The FTC would likely require store closings, but Staples is heavily concentrated in the Northeast. About 33% of its stores are located in the area, meaning the retailer shouldn't see a huge impact from accelerating its store closures. Ultimately relying on Office Depot's retail base. Staples is a much bigger player in e-commerce anyway. About 40% of Staples revenues are derived online. It also has a strong delivery network that it can implement at Office Depot. But it wouldn't just be lower prices from Amazon and market share that the FTC would look at. The potential for a merger between the two would have to benefit the customer and the industry, but would nonetheless help the two better compete against the likes of Amazon and Wal-Mart.

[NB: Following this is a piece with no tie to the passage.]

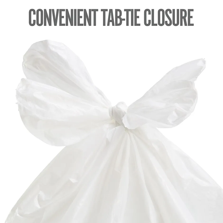 Pack your bags with all the breakroom trash when you use these tab-tie kitchen trash bags. These tall bags always have room for dessert plates and their utensil friends, while the twist ties keep everything wrapped up for easy disposal. With 80 Perk™ tab-tie tall kitchen trash bags in the box, you’re ready to trash junk mail, junk food and just about junk anything.
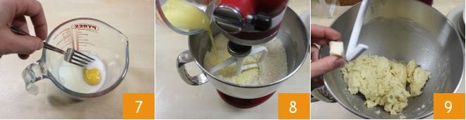 Batan el huevo en la leche con un tenedor 7 y, mientras amasan, viertan todo en la mezcla en el bol 8, incorporando bien todos los ingredientes. Cuando la mezcla esté homogénea, si usan la batidora, cambien la pala por el gancho (o continúen amasando a mano) e incorporen la mantequilla, suavizada a temperatura ambiente, un trozo a la vez 9, asegurándose de no añadir más mantequilla hasta que la anterior haya sido absorbida.

Staples is also a good bit larger than Office Depot so it could easily buy it. Staples generated over $20 billion in revenue last year, compared to Office Depot's $10 billion. Office Depot's market cap sits right at $3 billion. Meanwhile, Staples has $800 million in cash on its balance sheet and generates over $850 million in free cash per year.
Staples also has a debt to equity ratio of only 20%. That's well below Office Depot's 80%. Just assuming that Staples bought Office Depot for $3.7 billion, its debt to equity ratio would be right in line with Office Depot's current ratio. As mentioned, Staples has enough cash to cover 11% of its market cap. Its free cash flow yield is an impressive 10%. Even when accounting for dividends and buybacks, Staples is generating a free cash flow yield of 3.5%. Even without accounting for dividends and buybacks, Wal-Mart's free cash flow yield is only 3.9%.
The only issue with an Office Depot purchase is that it would be a long-term move and likely put pressure on the company in the near-term. While its balance sheet and cash flow generating capabilities are very strong, Staples would have to take on more debt or dilute shareholders to get the deal done. Either of which could pressure Staples dividend payment or share buyback program.
As mentioned earlier, Office Depot will close some 20% of its store base over the next couple of years. Some 75% of Office Depot's store leases will be up for renewal in the next half decade, which means that the company can save money by not renewing the leases on underperforming stores, and it will not have to pay steep fees to exit the lease contracts. Staples is also embarking on store closures. It will close up to 225 stores while also reducing the size of its stores.
What about e-commerce?
Amazon doesn't just want to eat the lunches of Office Depot and Staples, it's going after the hardware market. It made a foray into the set-top box TV set market earlier this year with its Fire TV. Now it's in the smartphone market with the Amazon Fire Phone. This could be good news for the office supply retailers if it means that Amazon is somewhat distracted with hardware creation.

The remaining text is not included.